Notebooks quietly discourage this entire progression, and it’s worth being honest about why, because the friction is real rather than imagined. In a notebook there is no natural home for a function — only cells — and the moment you decide to move logic into a .py file, you have to leave the notebook for an editor, breaking the tight write-run-inspect loop that makes exploration feel fast. So the function stays in the cell, then gets copied to the next notebook, and the duplication compounds.

The reframe is to see the package as the place where logic goes to be trusted. Code in a cell is provisional — it works here, now, for you. Code imported from a package is something you and others can rely on: a bug fixed once is fixed everywhere it’s used, the function can be tested (the subject of the next chapter), and its interface is explicit enough that a colleague can use it without reading the implementation. The editor friction is a one-time cost paid when the code graduates; the payoff — no more hunting down which of three copies has the fix — compounds for as long as the code lives.

6.5 Summary

Reuse is a progression from copy-paste to a single source of truth:

  1. Duplication is a bug factory. Copy-pasted logic drifts out of sync the first time you fix one copy and not the others. The fix is to write it once and import it.

  2. Pure functions are the reusable unit. A function whose output depends only on its inputs gives the same answer anywhere — and, unlike one that leans on global state, can be tested in isolation.

  3. Kept logic belongs in modules. Move it out of cells into .py files grouped by responsibility; the notebook becomes a thin layer that imports and orchestrates.

  4. Packages make your code importable anywhere. A src/ layout with a pyproject.toml, installed with pip install -e ., turns your analysis code into a library you can import without path hacks.

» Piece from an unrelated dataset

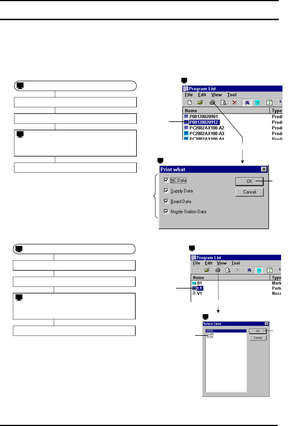 BM122 编程手册 7.4 打印 E34PCC-4 0-040-B0 7.4-2 打印输出(举例) 打印输出随着选择数据 的不同而变化 。 NC 数据 进料器数据 基板数据 吸嘴站数据 元件程序库

With code that is readable and reusable, the next chapter tackles the practice that pure, importable functions finally make possible — and that data scientists resist most: testing stochastic code.

6.6 Exercises

  1. Find a function you’ve copy-pasted across notebooks or projects. Extract it into a single .py module and import it everywhere that used a copy. Now introduce a small change (a new edge case it should handle) — how many places did you have to change it, compared with before?

  2. Take a piece of notebook code that relies on a global variable and convert it into a pure function that receives its inputs as arguments and returns a result. Confirm it gives the same answer regardless of what cells ran before it.

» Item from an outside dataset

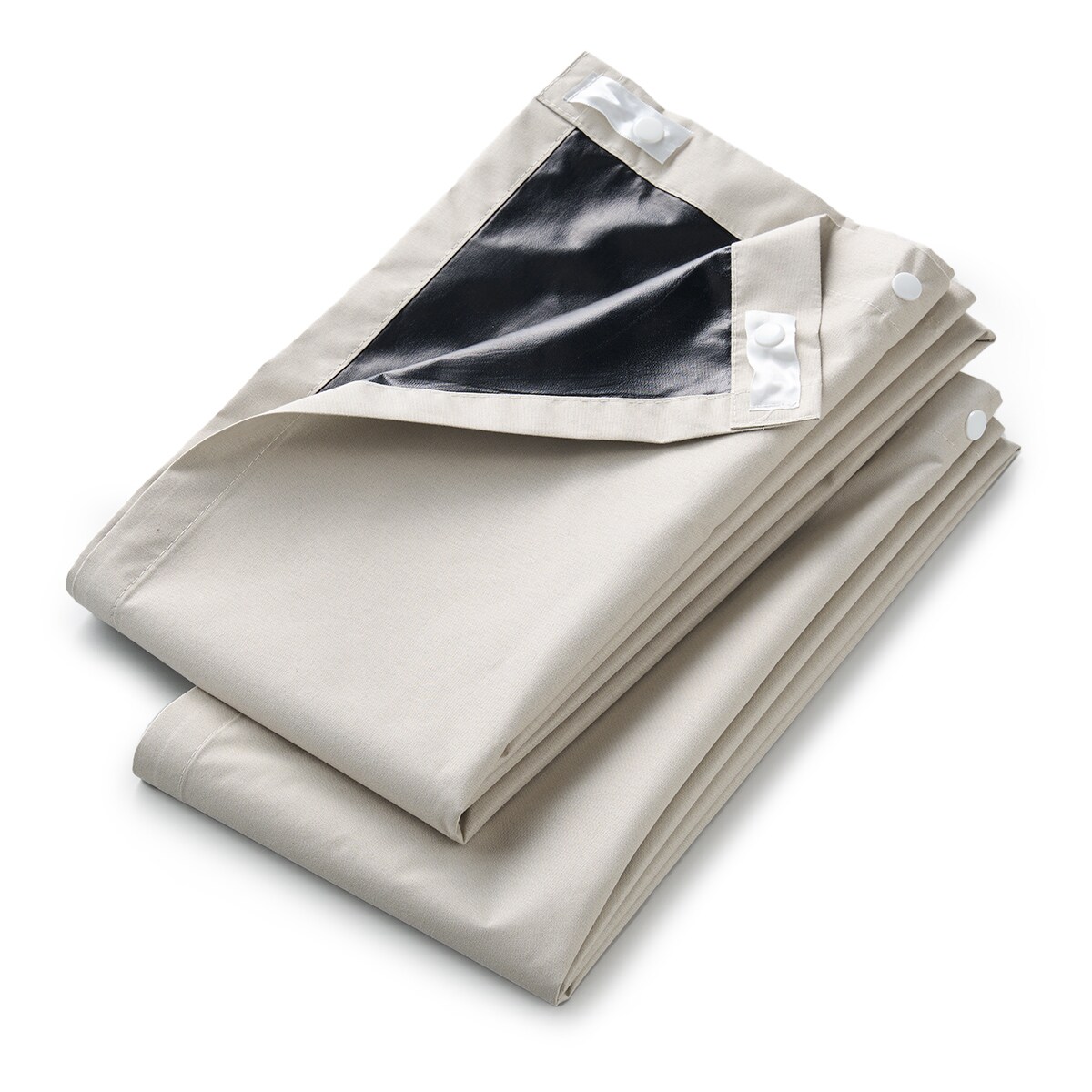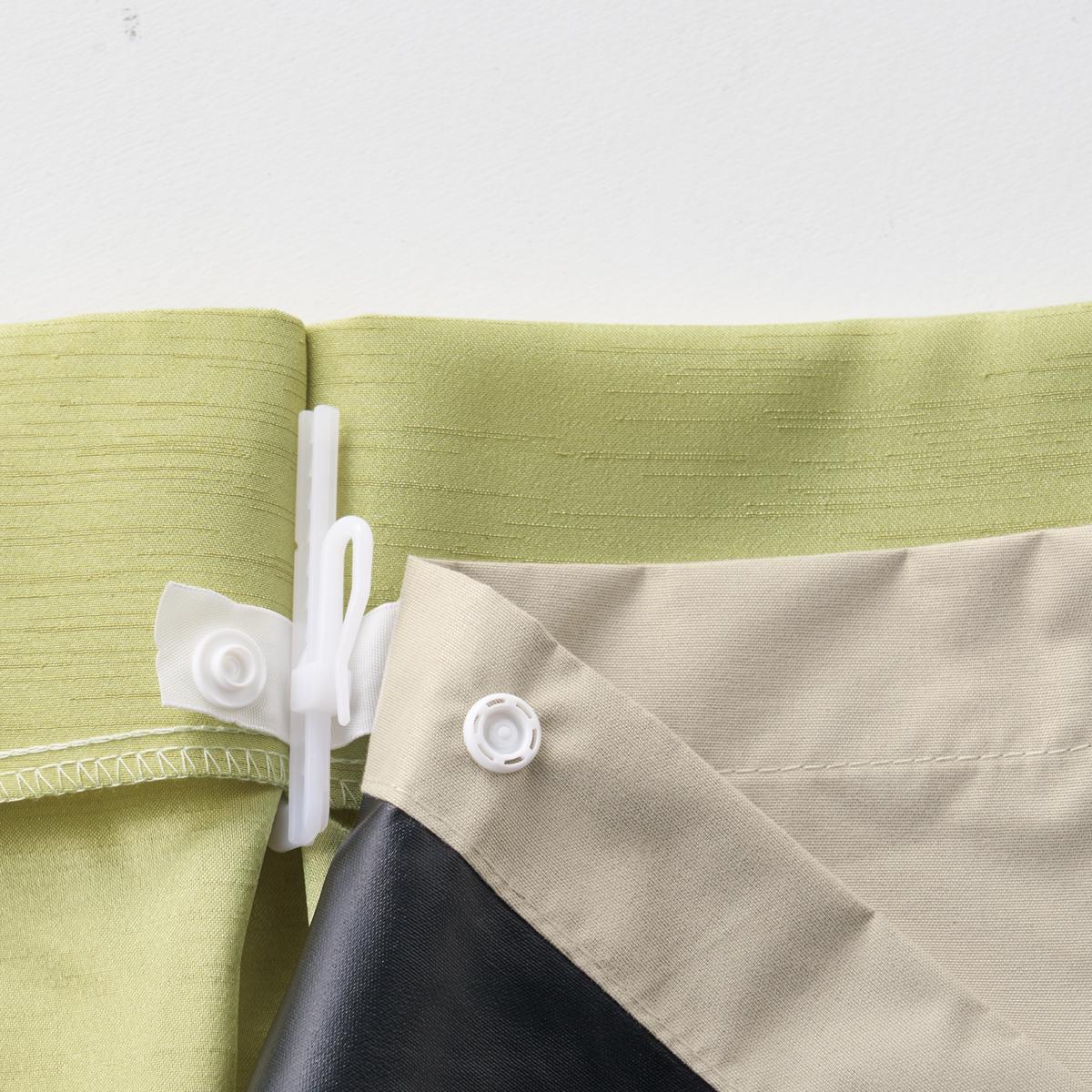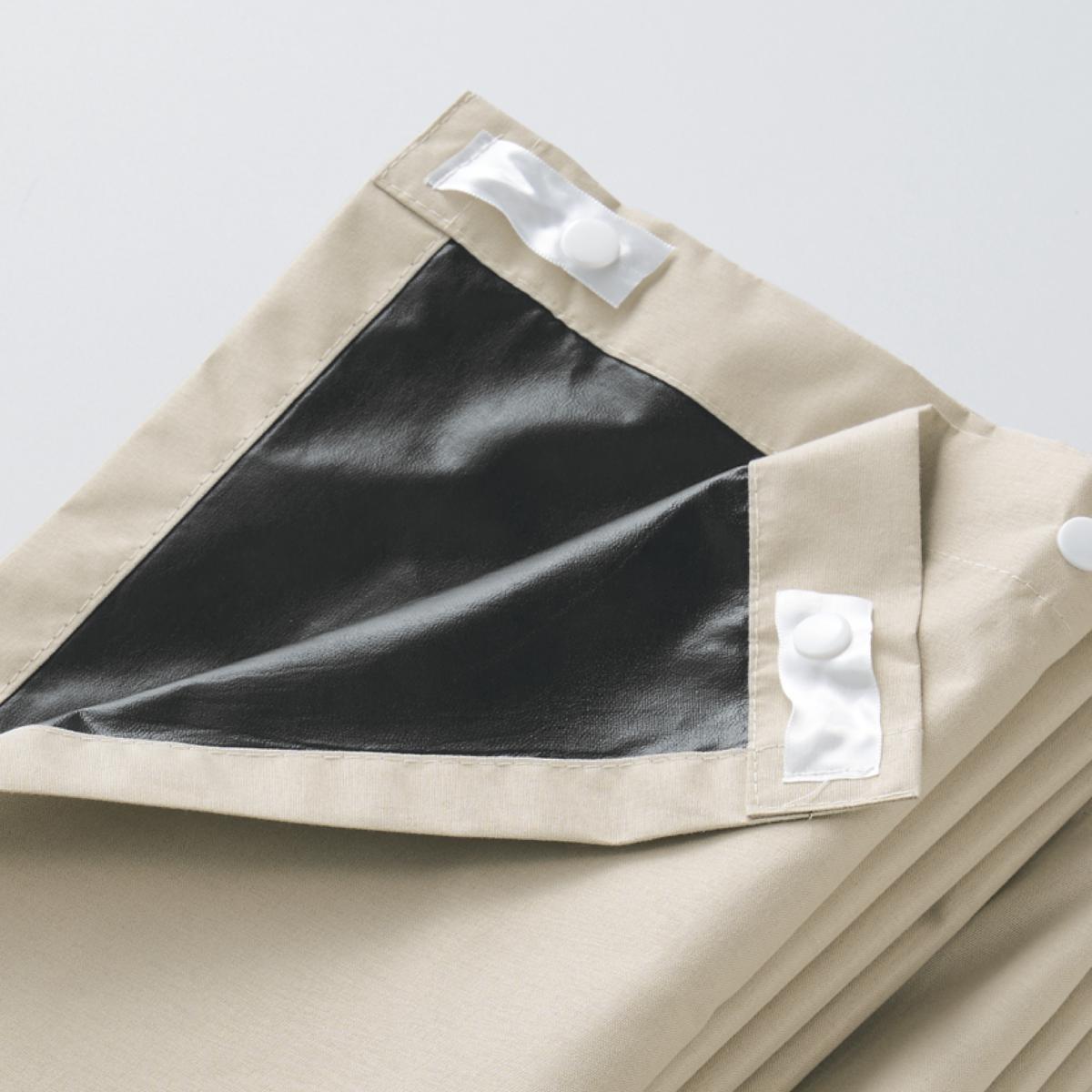 スナップボタンで簡単に装着できます。カーテンのアジャスターフックにつけるだけで効果がアップします。ベージュ生地に黒フィルム加工を施し、薄手で軽いライナー生地です。

  3. Take a project with a few modules and make it installable: write a minimal pyproject.toml, run pip install -e ., and then import your package from a fresh notebook or script with no sys.path manipulation. What error were you previously working around?

  4. Conceptual: The Data Science Bridge says importing your own module is like from sklearn import ... — you’re now the library author. Name one discipline library authors follow that you do not need for code only you use, and one you should adopt the moment a colleague depends on it.

  5. Conceptual: Not everything belongs in a package. Describe a piece of code that should stay in the notebook and one that has earned a place in a module, and state the signal that tells you logic has crossed from the first category to the second.